Excerpted data
----

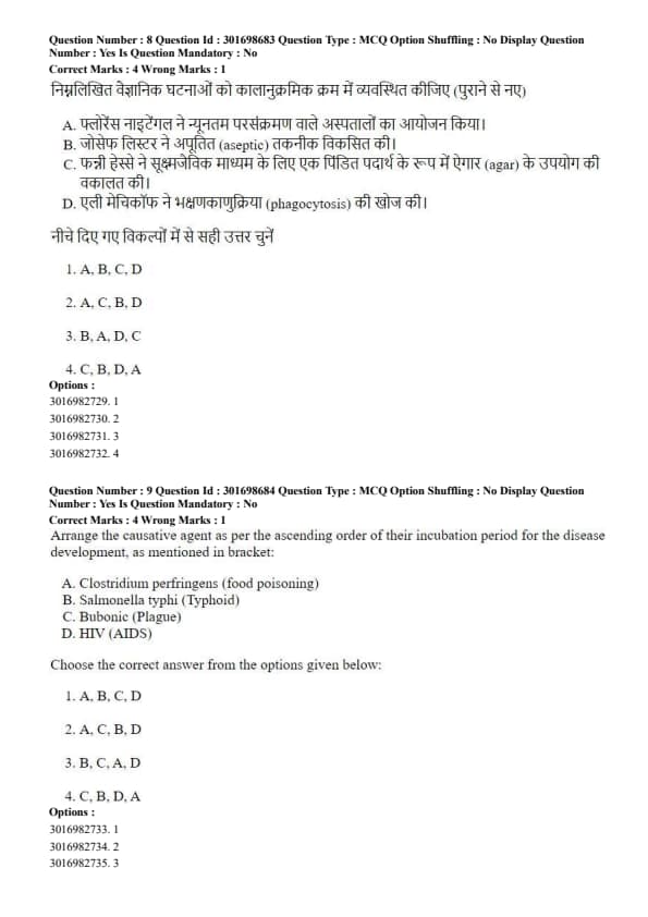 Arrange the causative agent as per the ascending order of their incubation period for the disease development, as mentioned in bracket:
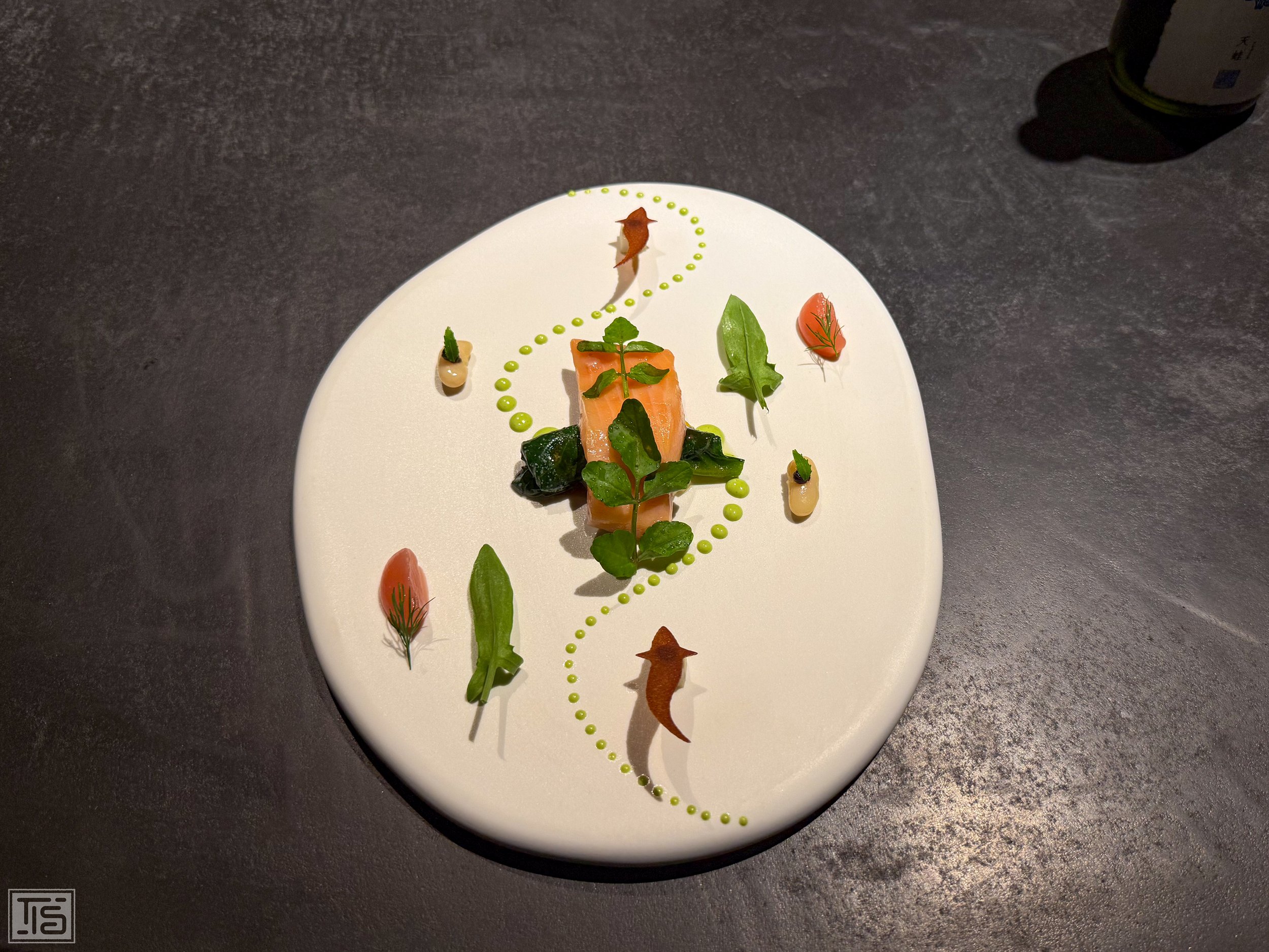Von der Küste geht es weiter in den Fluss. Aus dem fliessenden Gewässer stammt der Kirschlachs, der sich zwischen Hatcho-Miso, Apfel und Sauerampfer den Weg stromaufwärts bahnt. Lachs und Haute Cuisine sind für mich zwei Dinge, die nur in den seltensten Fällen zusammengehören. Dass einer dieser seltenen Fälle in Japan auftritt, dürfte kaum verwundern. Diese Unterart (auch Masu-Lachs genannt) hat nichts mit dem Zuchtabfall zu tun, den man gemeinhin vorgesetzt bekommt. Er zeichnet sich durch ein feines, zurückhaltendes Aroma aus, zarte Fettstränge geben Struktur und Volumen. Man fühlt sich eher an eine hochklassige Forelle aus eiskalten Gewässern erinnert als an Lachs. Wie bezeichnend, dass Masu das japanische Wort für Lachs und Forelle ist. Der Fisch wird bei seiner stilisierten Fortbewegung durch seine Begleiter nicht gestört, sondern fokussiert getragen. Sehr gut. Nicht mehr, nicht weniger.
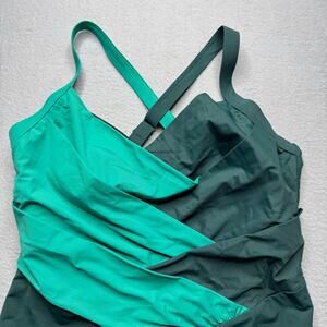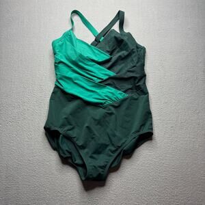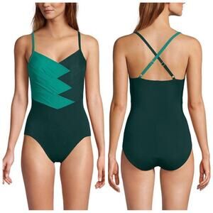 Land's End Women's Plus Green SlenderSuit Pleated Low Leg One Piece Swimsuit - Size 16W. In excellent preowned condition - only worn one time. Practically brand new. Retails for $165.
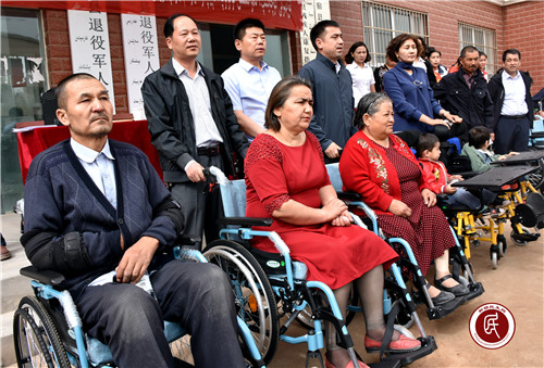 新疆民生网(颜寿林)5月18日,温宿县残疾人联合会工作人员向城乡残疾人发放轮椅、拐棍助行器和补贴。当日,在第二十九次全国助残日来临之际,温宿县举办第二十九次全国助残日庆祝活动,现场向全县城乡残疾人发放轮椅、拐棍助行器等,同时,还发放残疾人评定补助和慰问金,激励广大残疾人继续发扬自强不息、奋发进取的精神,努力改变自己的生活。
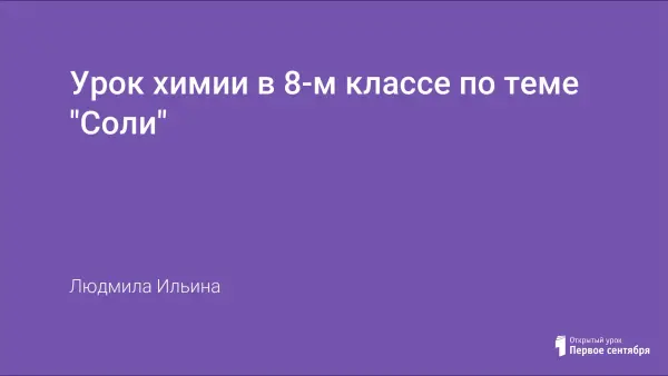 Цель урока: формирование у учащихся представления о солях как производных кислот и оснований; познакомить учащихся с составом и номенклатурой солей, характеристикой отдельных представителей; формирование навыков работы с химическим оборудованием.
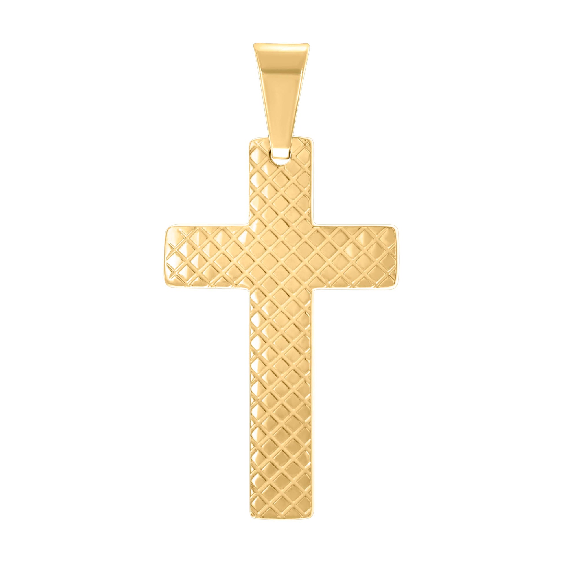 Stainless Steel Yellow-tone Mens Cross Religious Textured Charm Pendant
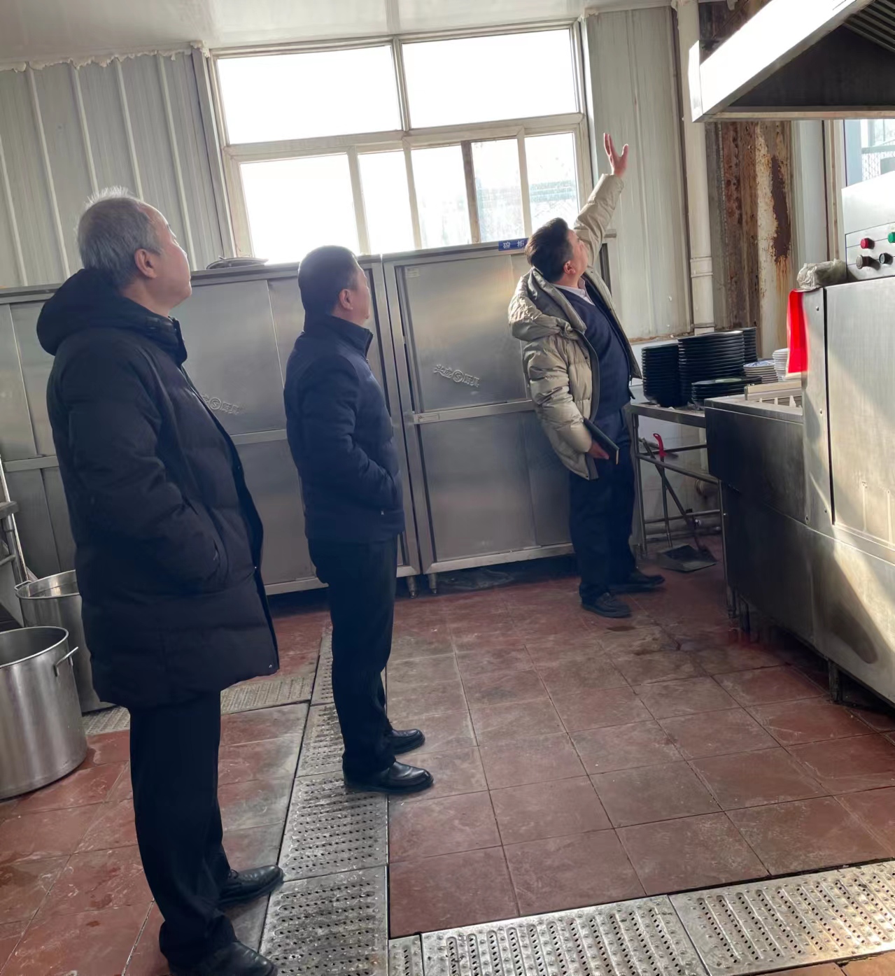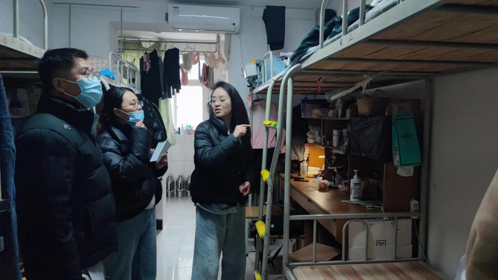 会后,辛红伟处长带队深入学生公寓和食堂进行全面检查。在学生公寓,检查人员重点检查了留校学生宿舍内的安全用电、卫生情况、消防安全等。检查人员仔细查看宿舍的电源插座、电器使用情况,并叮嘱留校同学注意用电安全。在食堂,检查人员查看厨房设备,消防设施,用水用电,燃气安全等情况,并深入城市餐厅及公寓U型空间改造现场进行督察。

----

Task item
When you write out the data, keep every line exact and drop the pictures.

Answer box
 Arrange the causative agent as per the ascending order of their incubation period for the disease development, as mentioned in bracket:
Von der Küste geht es weiter in den Fluss. Aus dem fliessenden Gewässer stammt der Kirschlachs, der sich zwischen Hatcho-Miso, Apfel und Sauerampfer den Weg stromaufwärts bahnt. Lachs und Haute Cuisine sind für mich zwei Dinge, die nur in den seltensten Fällen zusammengehören. Dass einer dieser seltenen Fälle in Japan auftritt, dürfte kaum verwundern. Diese Unterart (auch Masu-Lachs genannt) hat nichts mit dem Zuchtabfall zu tun, den man gemeinhin vorgesetzt bekommt. Er zeichnet sich durch ein feines, zurückhaltendes Aroma aus, zarte Fettstränge geben Struktur und Volumen. Man fühlt sich eher an eine hochklassige Forelle aus eiskalten Gewässern erinnert als an Lachs. Wie bezeichnend, dass Masu das japanische Wort für Lachs und Forelle ist. Der Fisch wird bei seiner stilisierten Fortbewegung durch seine Begleiter nicht gestört, sondern fokussiert getragen. Sehr gut. Nicht mehr, nicht weniger.
 Land's End Women's Plus Green SlenderSuit Pleated Low Leg One Piece Swimsuit - Size 16W. In excellent preowned condition - only worn one time. Practically brand new. Retails for $165.
 新疆民生网(颜寿林)5月18日,温宿县残疾人联合会工作人员向城乡残疾人发放轮椅、拐棍助行器和补贴。当日,在第二十九次全国助残日来临之际,温宿县举办第二十九次全国助残日庆祝活动,现场向全县城乡残疾人发放轮椅、拐棍助行器等,同时,还发放残疾人评定补助和慰问金,激励广大残疾人继续发扬自强不息、奋发进取的精神,努力改变自己的生活。
 Цель урока: формирование у учащихся представления о солях как производных кислот и оснований; познакомить учащихся с составом и номенклатурой солей, характеристикой отдельных представителей; формирование навыков работы с химическим оборудованием.
 Stainless Steel Yellow-tone Mens Cross Religious Textured Charm Pendant
 会后,辛红伟处长带队深入学生公寓和食堂进行全面检查。在学生公寓,检查人员重点检查了留校学生宿舍内的安全用电、卫生情况、消防安全等。检查人员仔细查看宿舍的电源插座、电器使用情况,并叮嘱留校同学注意用电安全。在食堂,检查人员查看厨房设备,消防设施,用水用电,燃气安全等情况,并深入城市餐厅及公寓U型空间改造现场进行督察。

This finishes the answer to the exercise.